▶ **Instructions for the task**
The data must be reproduced verbatim; images are to be omitted.

▶ **Source data**
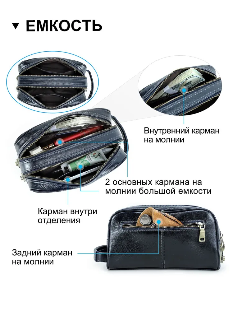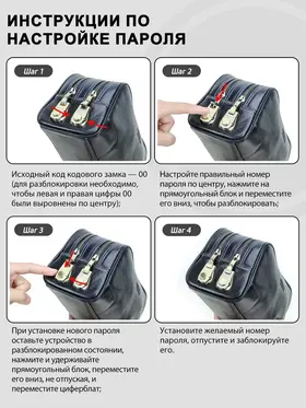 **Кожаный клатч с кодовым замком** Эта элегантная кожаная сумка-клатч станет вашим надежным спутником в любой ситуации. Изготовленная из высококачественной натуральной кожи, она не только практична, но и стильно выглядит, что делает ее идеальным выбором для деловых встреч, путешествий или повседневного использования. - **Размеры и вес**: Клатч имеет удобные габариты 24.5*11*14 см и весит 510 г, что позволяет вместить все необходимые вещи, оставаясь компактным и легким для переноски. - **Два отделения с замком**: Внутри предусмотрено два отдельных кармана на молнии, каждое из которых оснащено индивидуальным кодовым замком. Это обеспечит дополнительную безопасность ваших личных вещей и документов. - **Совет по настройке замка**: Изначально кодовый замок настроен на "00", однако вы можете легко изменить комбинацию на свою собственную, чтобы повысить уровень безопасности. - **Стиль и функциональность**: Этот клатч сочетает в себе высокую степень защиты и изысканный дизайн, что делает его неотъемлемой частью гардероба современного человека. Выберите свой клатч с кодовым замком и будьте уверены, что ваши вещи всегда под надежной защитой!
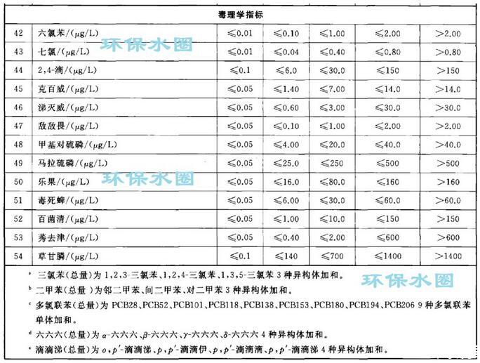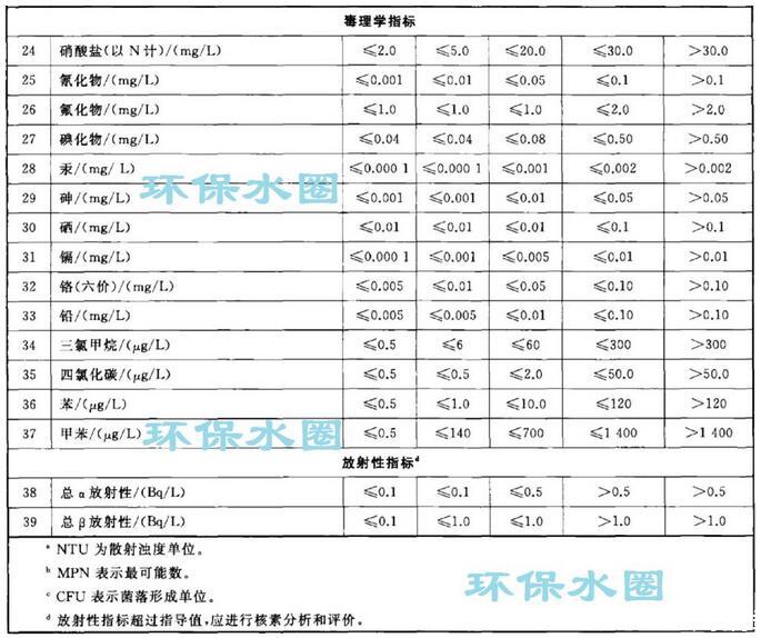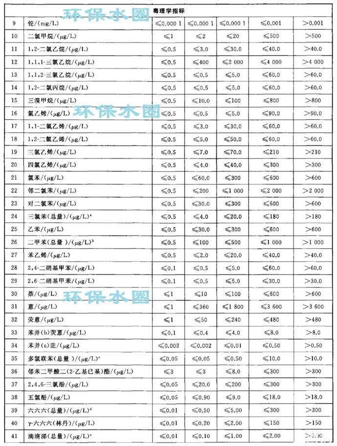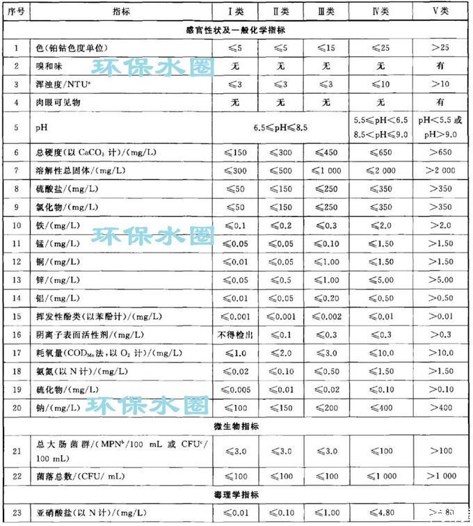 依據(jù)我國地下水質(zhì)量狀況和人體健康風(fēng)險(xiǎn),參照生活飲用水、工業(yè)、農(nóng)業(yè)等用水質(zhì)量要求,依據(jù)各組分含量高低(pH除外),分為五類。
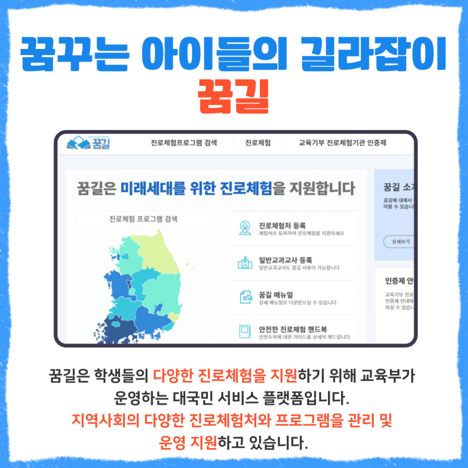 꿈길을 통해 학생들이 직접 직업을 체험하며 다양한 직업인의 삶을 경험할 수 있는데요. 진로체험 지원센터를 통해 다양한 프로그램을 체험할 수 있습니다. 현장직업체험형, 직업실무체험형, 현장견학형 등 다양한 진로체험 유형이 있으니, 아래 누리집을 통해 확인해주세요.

▶ **Completed task**
 **Кожаный клатч с кодовым замком** Эта элегантная кожаная сумка-клатч станет вашим надежным спутником в любой ситуации. Изготовленная из высококачественной натуральной кожи, она не только практична, но и стильно выглядит, что делает ее идеальным выбором для деловых встреч, путешествий или повседневного использования. - **Размеры и вес**: Клатч имеет удобные габариты 24.5*11*14 см и весит 510 г, что позволяет вместить все необходимые вещи, оставаясь компактным и легким для переноски. - **Два отделения с замком**: Внутри предусмотрено два отдельных кармана на молнии, каждое из которых оснащено индивидуальным кодовым замком. Это обеспечит дополнительную безопасность ваших личных вещей и документов. - **Совет по настройке замка**: Изначально кодовый замок настроен на "00", однако вы можете легко изменить комбинацию на свою собственную, чтобы повысить уровень безопасности. - **Стиль и функциональность**: Этот клатч сочетает в себе высокую степень защиты и изысканный дизайн, что делает его неотъемлемой частью гардероба современного человека. Выберите свой клатч с кодовым замком и будьте уверены, что ваши вещи всегда под надежной защитой!
 依據(jù)我國地下水質(zhì)量狀況和人體健康風(fēng)險(xiǎn),參照生活飲用水、工業(yè)、農(nóng)業(yè)等用水質(zhì)量要求,依據(jù)各組分含量高低(pH除外),分為五類。
 꿈길을 통해 학생들이 직접 직업을 체험하며 다양한 직업인의 삶을 경험할 수 있는데요. 진로체험 지원센터를 통해 다양한 프로그램을 체험할 수 있습니다. 현장직업체험형, 직업실무체험형, 현장견학형 등 다양한 진로체험 유형이 있으니, 아래 누리집을 통해 확인해주세요.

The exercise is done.